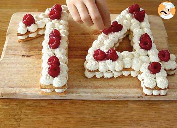 Faire un gâteau en forme de chiffre, c'est le gâteau idéal pour un anniversaire d'enfant Je vais vous dévoiler, comment j'ai réussi à faire le chiffre 5 Il faut 1 gâteau rond et 1 carré, de même diamètre (ici cm) Pour la recette choisie, c'est celle du cake à la vanille, idéal pour faire des gâteaux sculptés4 oeufs 130g de farine 60g de crème pâtissière en poudre (ou de maïzena) 11 c à s de sucre 5 c à s d'huile 11 c à s de lait 2 sachets de vanille 4 c à c de levure chimique 70 g de chocolat vermicelle Pour la crème au beurre 250g de beurre 2 c à s de lait 500g de sucre glace Pour le montage Confiture de fraise PourNos gâteaux à figurines sont fournis avec la/les figurines en plastique, ainsi votre enfant peut la/les
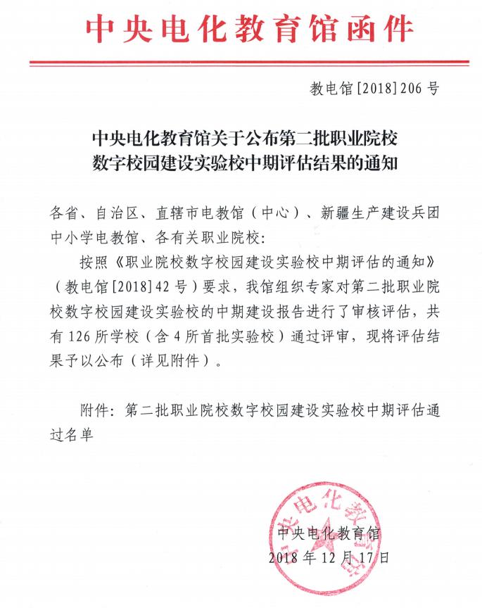 根据中央电化教育馆关于职业院校数字校园建设实验校中期评估结果(教电馆〔2018〕206号)。我院已顺利通过本次审核评估,被中央电化教育馆授予“数字校园建设实验校”称号。
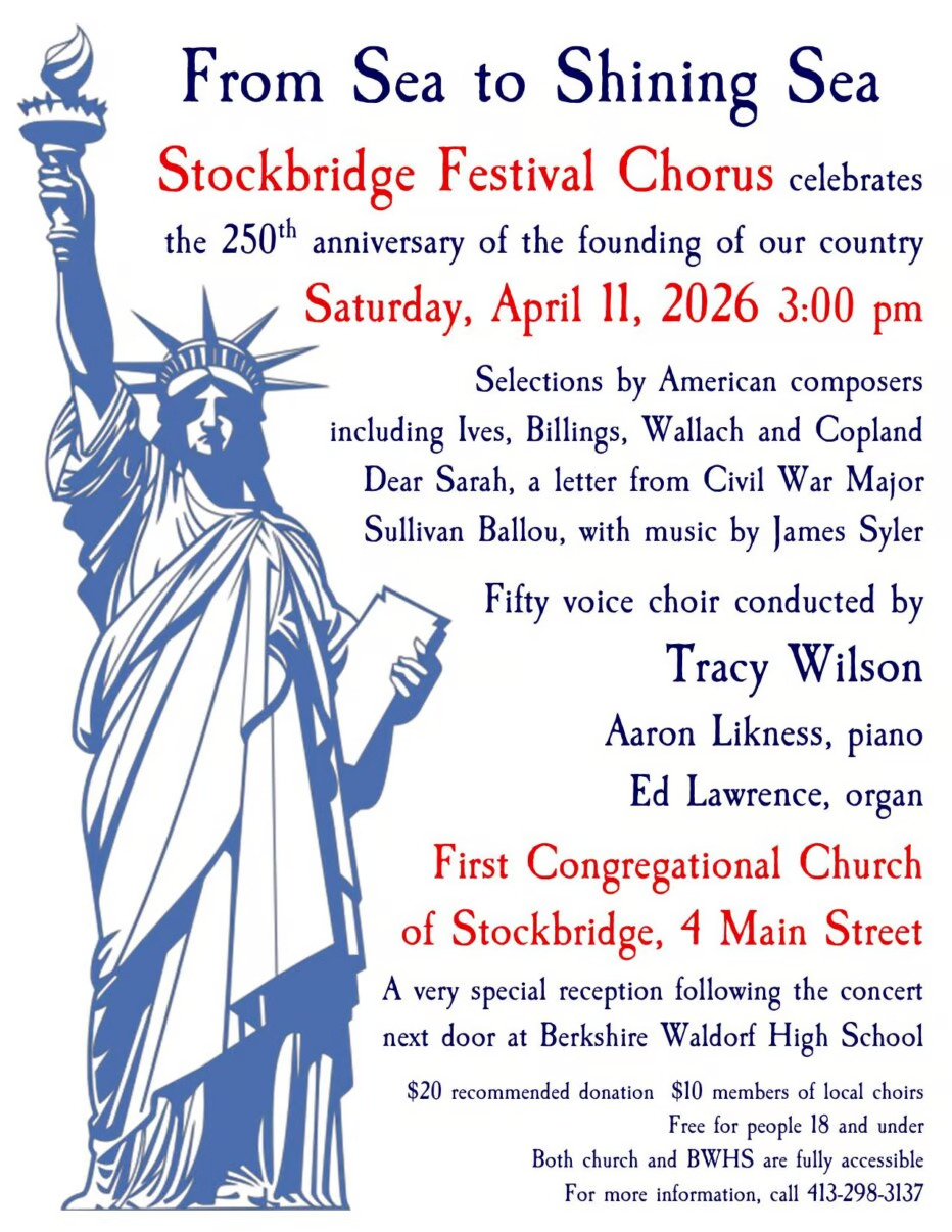 3:00 PM. Stockbridge Festival Chorus [MA]: From Sea to Shining Sea. Works by Aaron Copland, Charles Ives, Alice Parker, Moses Hogan, and local composer Larry Wallach. A special piece, “Dear Sarah,” uses a letter written by Civil War Major Sullivan Ballou to his wife just prior to his deployment to the Battle of Bull Run, where he lost his life. Tracy Wilson, conductor; Aaron Likness, piano; Ed Lawrence, organ. Reception at Berkshire Waldorf High School. Tickets: $20 adults, $10 for members of local community choruses, free for individuals age 18 and under. For more information, call 413-822-8688 or email twilson@berkshiremusicschool.org. First Congregational Church, 4 Main Street, Stockbridge MA 01262 (View flier) ⓘ 🔗
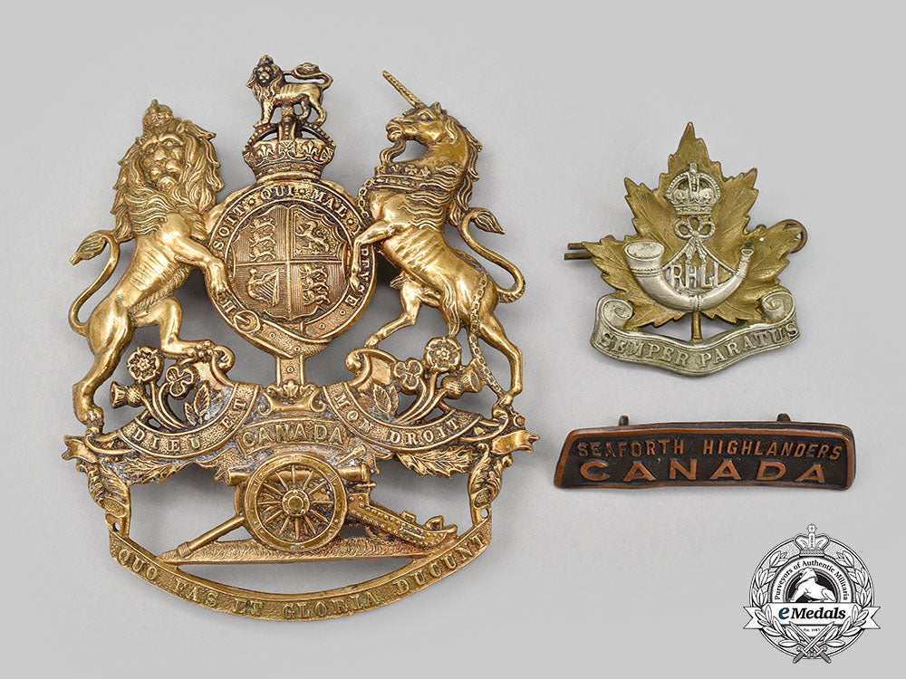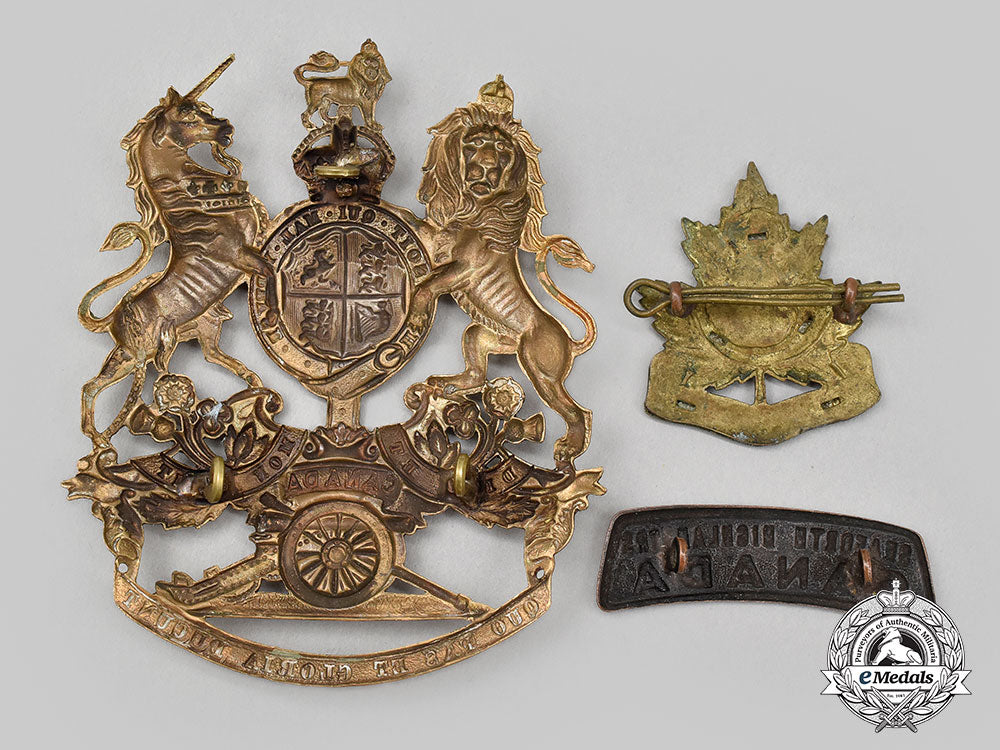 1. Royal Canadian Artillery Helmet Plate c. 1910: in die-stamped bronze gilt, voided, unmarked, measuring 87 mm (w) x 105 mm (h), all three lugs intact (the design of this badge is illustrated on page 15 of "Canadian Militia Badges Pre 1914" by Daniel Mazeas (HP.23.).
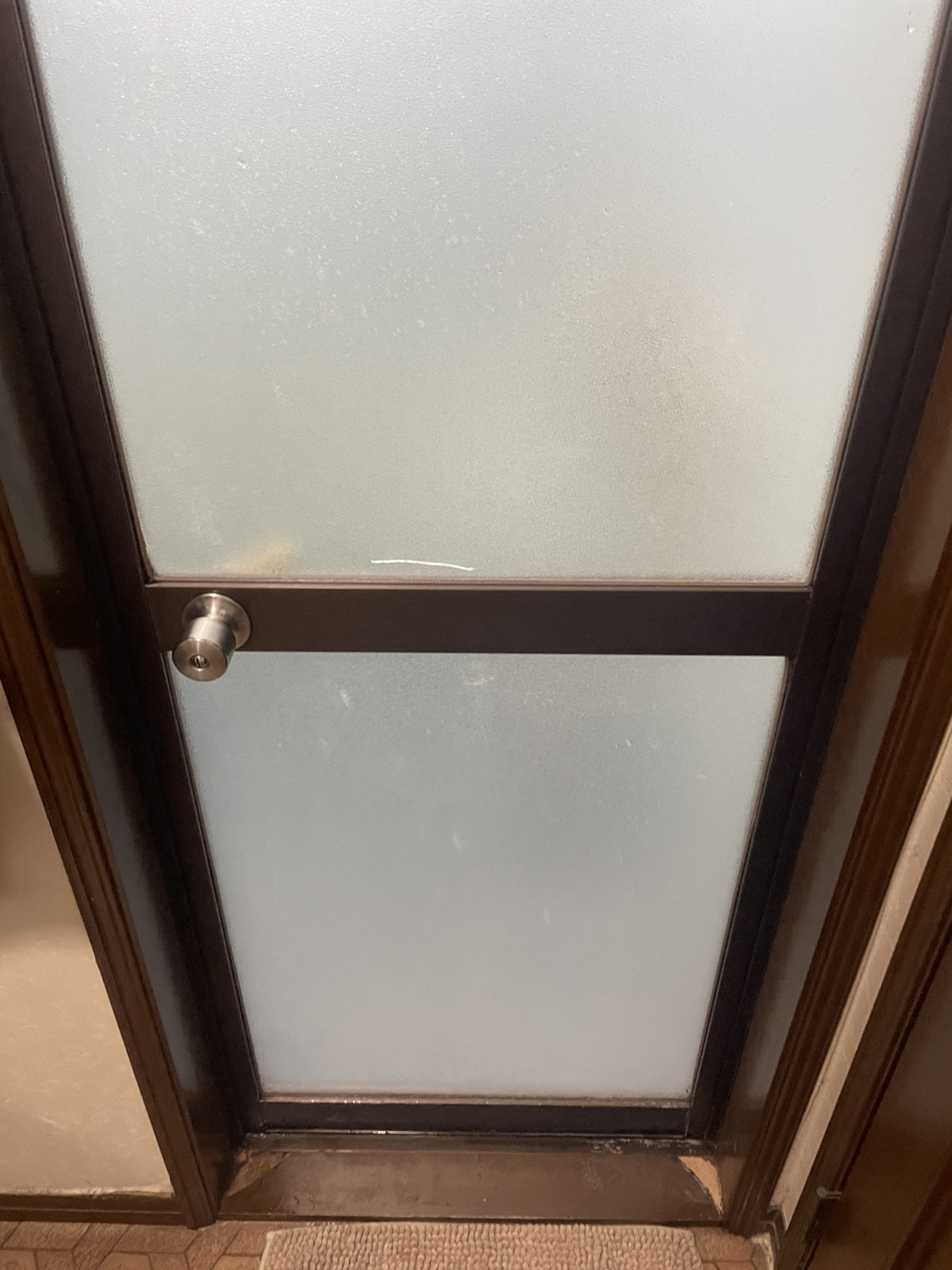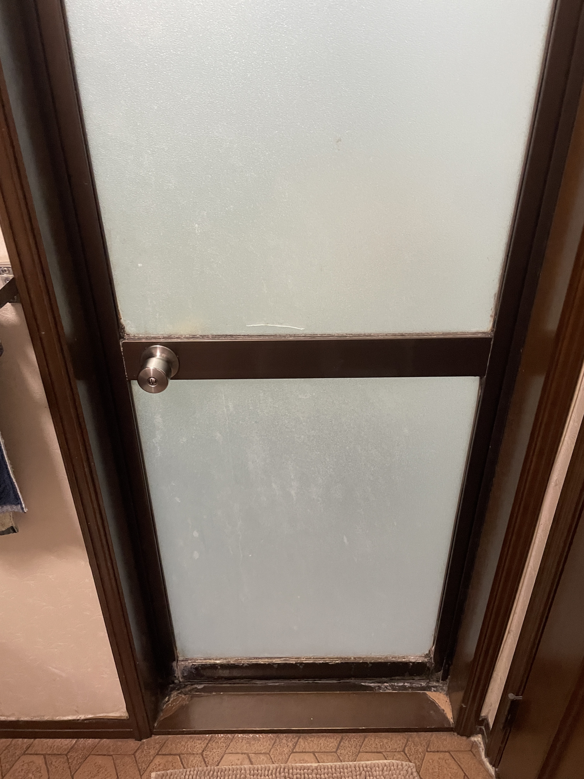 まずは、浴室ドアのカビと水垢落としから始めました。
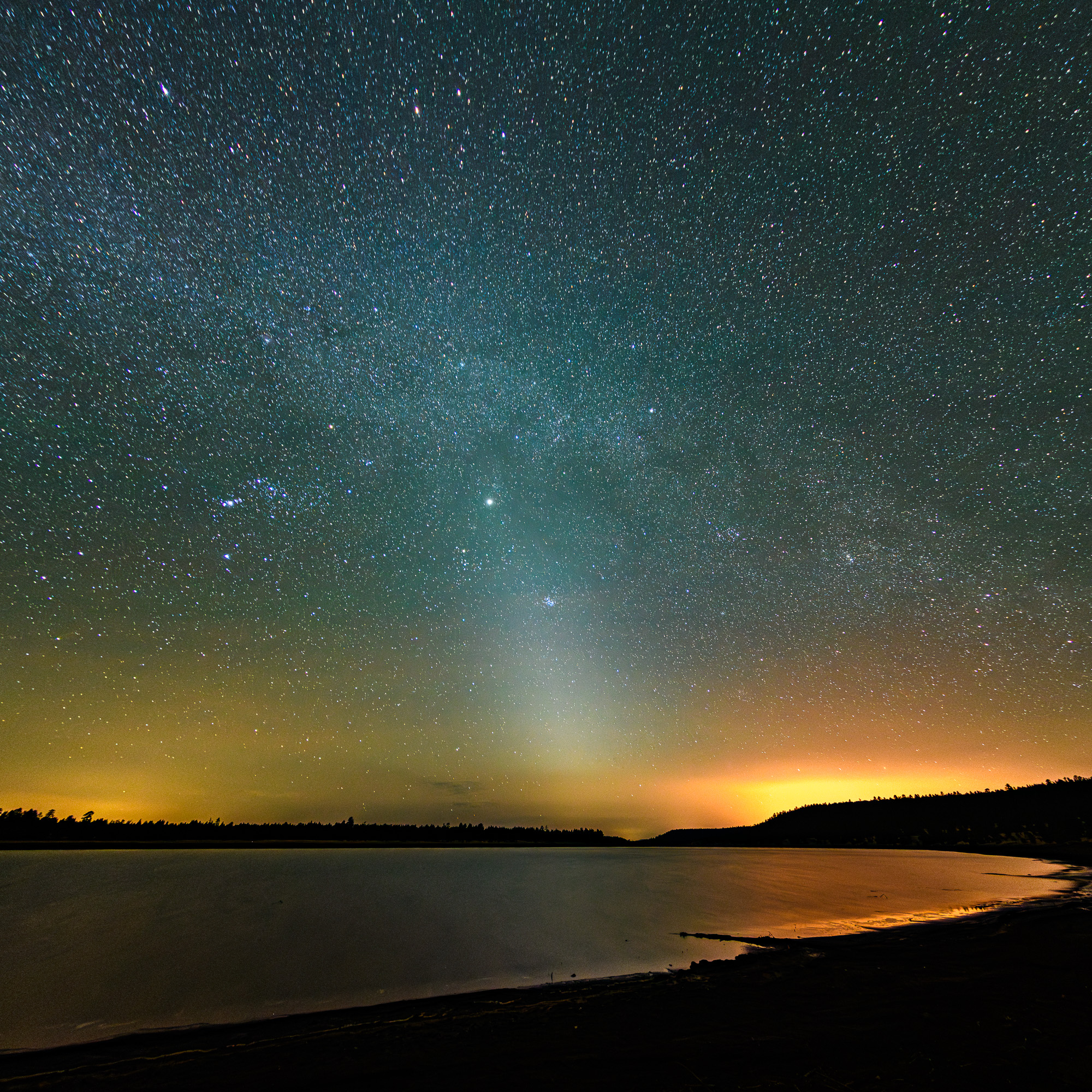 The nearly vertical band of the Zodiacal Light intersects the Milky Way in the western sky and is reflected in the waters of Upper Lake Mary.
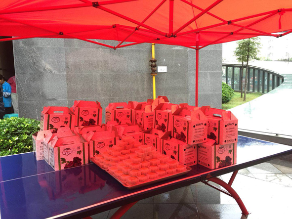 下午15:00时,各个活动会场已布置就绪,精美的礼品、月饼摆放整齐,静待业主的来临。
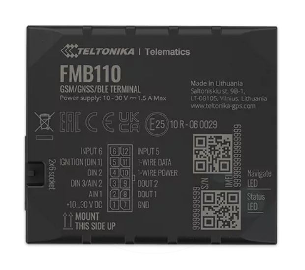 FMB110 small and professional tracker with internal high gain GSM and GNSS antennas, which can capture device coordinates and other useful data and transmit them to the server via the GSM network. This device is perfect for applications that require location detection of remote objects: fleet management, car rental companies, taxi companies, public transportation, logistics companies, private cars, etc. The FMB110 can perform tasks on remote objects such as: E.g. engine status monitoring, truck door control, etc.

===============

EXERCISE GOAL:
When you retype the listing above, keep each line exactly as written and drop the pictures.

RESPONSE BOX:
 Faire un gâteau en forme de chiffre, c'est le gâteau idéal pour un anniversaire d'enfant Je vais vous dévoiler, comment j'ai réussi à faire le chiffre 5 Il faut 1 gâteau rond et 1 carré, de même diamètre (ici cm) Pour la recette choisie, c'est celle du cake à la vanille, idéal pour faire des gâteaux sculptés4 oeufs 130g de farine 60g de crème pâtissière en poudre (ou de maïzena) 11 c à s de sucre 5 c à s d'huile 11 c à s de lait 2 sachets de vanille 4 c à c de levure chimique 70 g de chocolat vermicelle Pour la crème au beurre 250g de beurre 2 c à s de lait 500g de sucre glace Pour le montage Confiture de fraise PourNos gâteaux à figurines sont fournis avec la/les figurines en plastique, ainsi votre enfant peut la/les
 根据中央电化教育馆关于职业院校数字校园建设实验校中期评估结果(教电馆〔2018〕206号)。我院已顺利通过本次审核评估,被中央电化教育馆授予“数字校园建设实验校”称号。
 3:00 PM. Stockbridge Festival Chorus [MA]: From Sea to Shining Sea. Works by Aaron Copland, Charles Ives, Alice Parker, Moses Hogan, and local composer Larry Wallach. A special piece, “Dear Sarah,” uses a letter written by Civil War Major Sullivan Ballou to his wife just prior to his deployment to the Battle of Bull Run, where he lost his life. Tracy Wilson, conductor; Aaron Likness, piano; Ed Lawrence, organ. Reception at Berkshire Waldorf High School. Tickets: $20 adults, $10 for members of local community choruses, free for individuals age 18 and under. For more information, call 413-822-8688 or email twilson@berkshiremusicschool.org. First Congregational Church, 4 Main Street, Stockbridge MA 01262 (View flier) ⓘ 🔗
 1. Royal Canadian Artillery Helmet Plate c. 1910: in die-stamped bronze gilt, voided, unmarked, measuring 87 mm (w) x 105 mm (h), all three lugs intact (the design of this badge is illustrated on page 15 of "Canadian Militia Badges Pre 1914" by Daniel Mazeas (HP.23.).
 まずは、浴室ドアのカビと水垢落としから始めました。
 The nearly vertical band of the Zodiacal Light intersects the Milky Way in the western sky and is reflected in the waters of Upper Lake Mary.
 下午15:00时,各个活动会场已布置就绪,精美的礼品、月饼摆放整齐,静待业主的来临。
 FMB110 small and professional tracker with internal high gain GSM and GNSS antennas, which can capture device coordinates and other useful data and transmit them to the server via the GSM network. This device is perfect for applications that require location detection of remote objects: fleet management, car rental companies, taxi companies, public transportation, logistics companies, private cars, etc. The FMB110 can perform tasks on remote objects such as: E.g. engine status monitoring, truck door control, etc.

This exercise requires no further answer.